* _Problem details_
What is printed must match, line for line, the records from their first line through the line containing "梁柱輕型木結(jié)構(g", with pictures left out.

* _Provided data_
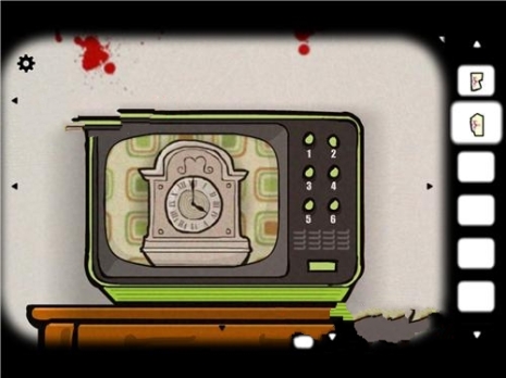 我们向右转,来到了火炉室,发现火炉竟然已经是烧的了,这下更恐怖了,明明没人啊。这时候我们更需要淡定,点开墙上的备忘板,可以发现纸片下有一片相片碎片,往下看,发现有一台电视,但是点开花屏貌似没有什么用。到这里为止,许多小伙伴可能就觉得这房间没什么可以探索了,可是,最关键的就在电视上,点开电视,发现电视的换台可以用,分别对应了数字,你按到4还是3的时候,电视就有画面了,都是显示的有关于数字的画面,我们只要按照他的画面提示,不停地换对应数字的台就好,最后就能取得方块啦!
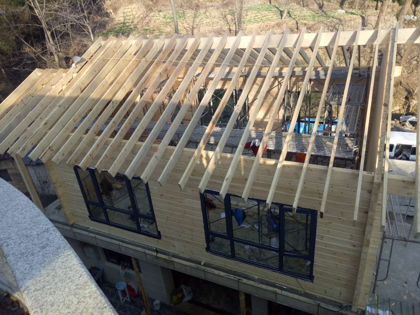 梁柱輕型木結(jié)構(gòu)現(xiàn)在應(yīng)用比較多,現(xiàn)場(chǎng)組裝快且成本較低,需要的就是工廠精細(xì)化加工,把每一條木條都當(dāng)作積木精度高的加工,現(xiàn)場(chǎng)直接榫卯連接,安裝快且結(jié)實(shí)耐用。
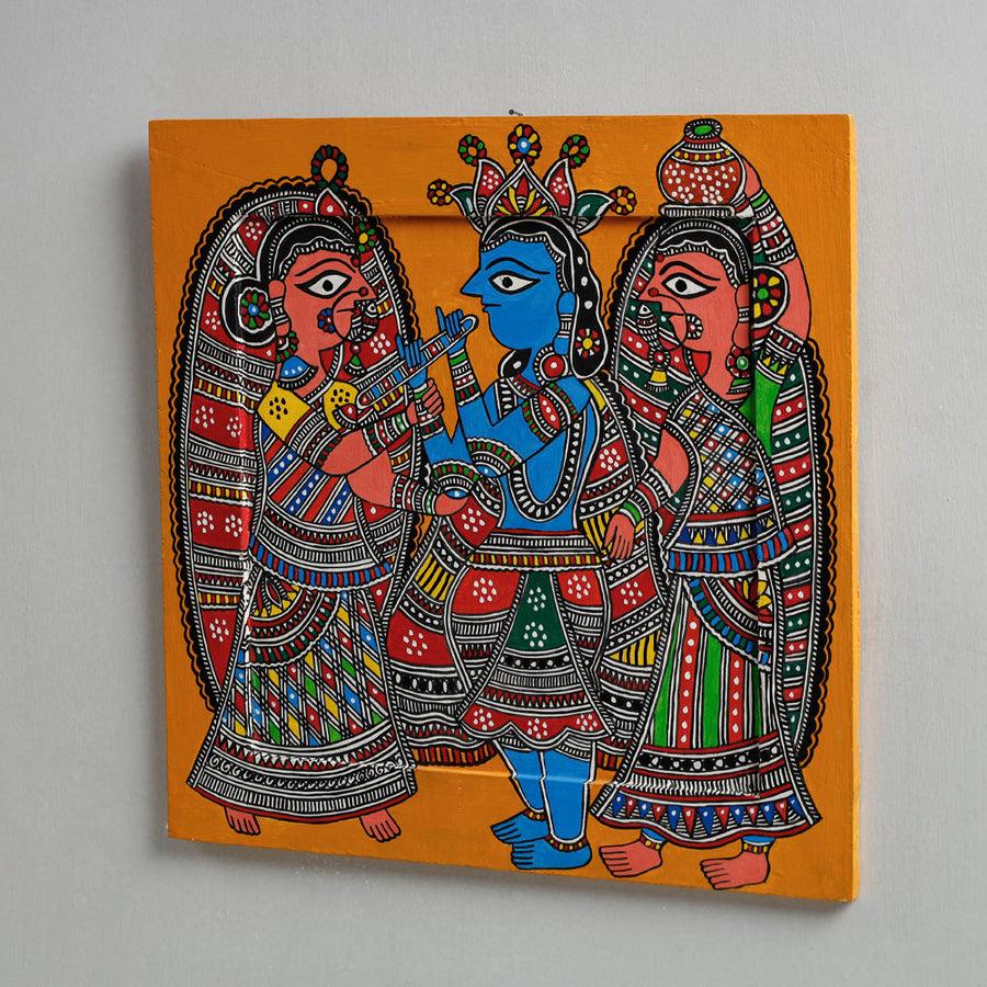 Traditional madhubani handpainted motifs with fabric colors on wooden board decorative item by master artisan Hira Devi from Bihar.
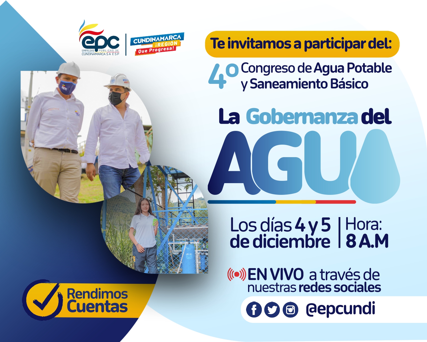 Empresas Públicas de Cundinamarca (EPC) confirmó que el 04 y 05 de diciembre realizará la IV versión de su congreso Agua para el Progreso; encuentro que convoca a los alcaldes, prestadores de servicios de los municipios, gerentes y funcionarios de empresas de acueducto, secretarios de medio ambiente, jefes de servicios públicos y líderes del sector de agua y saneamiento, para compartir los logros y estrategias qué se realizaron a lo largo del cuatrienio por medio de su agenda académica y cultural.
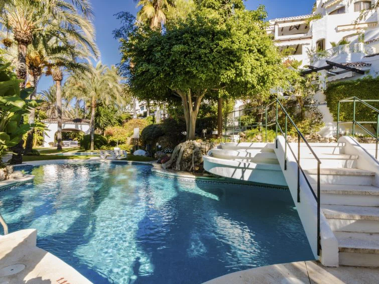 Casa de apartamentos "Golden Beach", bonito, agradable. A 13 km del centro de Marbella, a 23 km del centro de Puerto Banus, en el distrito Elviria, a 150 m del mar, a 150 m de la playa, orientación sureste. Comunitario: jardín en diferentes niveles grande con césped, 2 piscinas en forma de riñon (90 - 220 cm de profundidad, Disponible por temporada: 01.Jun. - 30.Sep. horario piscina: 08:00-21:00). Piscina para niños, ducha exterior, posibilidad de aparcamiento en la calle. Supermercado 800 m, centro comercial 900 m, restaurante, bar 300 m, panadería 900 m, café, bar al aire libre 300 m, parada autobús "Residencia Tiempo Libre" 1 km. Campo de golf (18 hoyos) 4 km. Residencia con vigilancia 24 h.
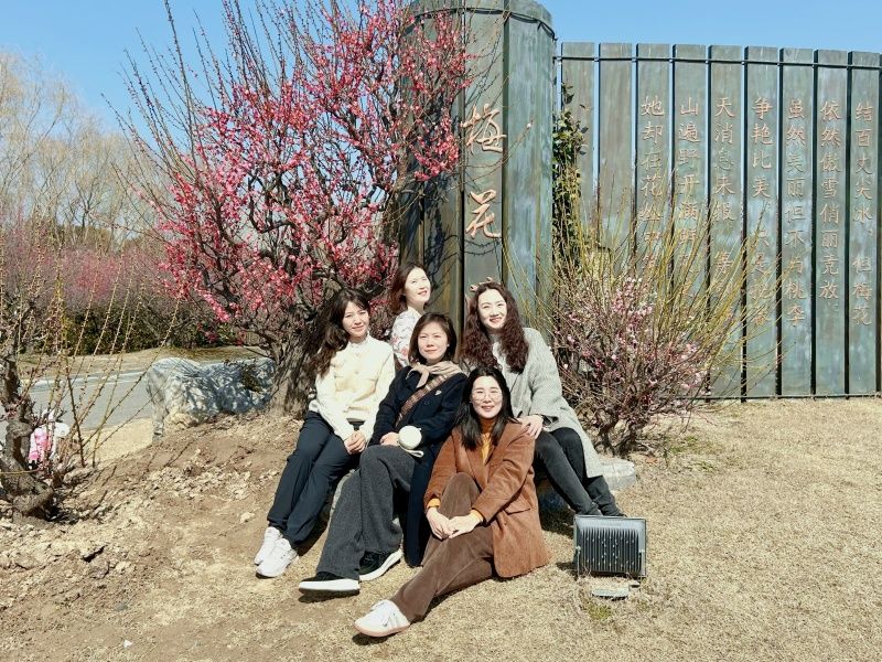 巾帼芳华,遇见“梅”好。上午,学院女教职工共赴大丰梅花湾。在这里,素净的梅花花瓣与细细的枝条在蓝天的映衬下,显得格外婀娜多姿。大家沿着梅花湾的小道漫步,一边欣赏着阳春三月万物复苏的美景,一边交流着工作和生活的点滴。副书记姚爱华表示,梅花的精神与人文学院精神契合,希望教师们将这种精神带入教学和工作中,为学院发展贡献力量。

* _Response for this exercise_
 我们向右转,来到了火炉室,发现火炉竟然已经是烧的了,这下更恐怖了,明明没人啊。这时候我们更需要淡定,点开墙上的备忘板,可以发现纸片下有一片相片碎片,往下看,发现有一台电视,但是点开花屏貌似没有什么用。到这里为止,许多小伙伴可能就觉得这房间没什么可以探索了,可是,最关键的就在电视上,点开电视,发现电视的换台可以用,分别对应了数字,你按到4还是3的时候,电视就有画面了,都是显示的有关于数字的画面,我们只要按照他的画面提示,不停地换对应数字的台就好,最后就能取得方块啦!
 梁柱輕型木結(jié)構(gòu)現(xiàn)在應(yīng)用比較多,現(xiàn)場(chǎng)組裝快且成本較低,需要的就是工廠精細(xì)化加工,把每一條木條都當(dāng)作積木精度高的加工,現(xiàn)場(chǎng)直接榫卯連接,安裝快且結(jié)實(shí)耐用。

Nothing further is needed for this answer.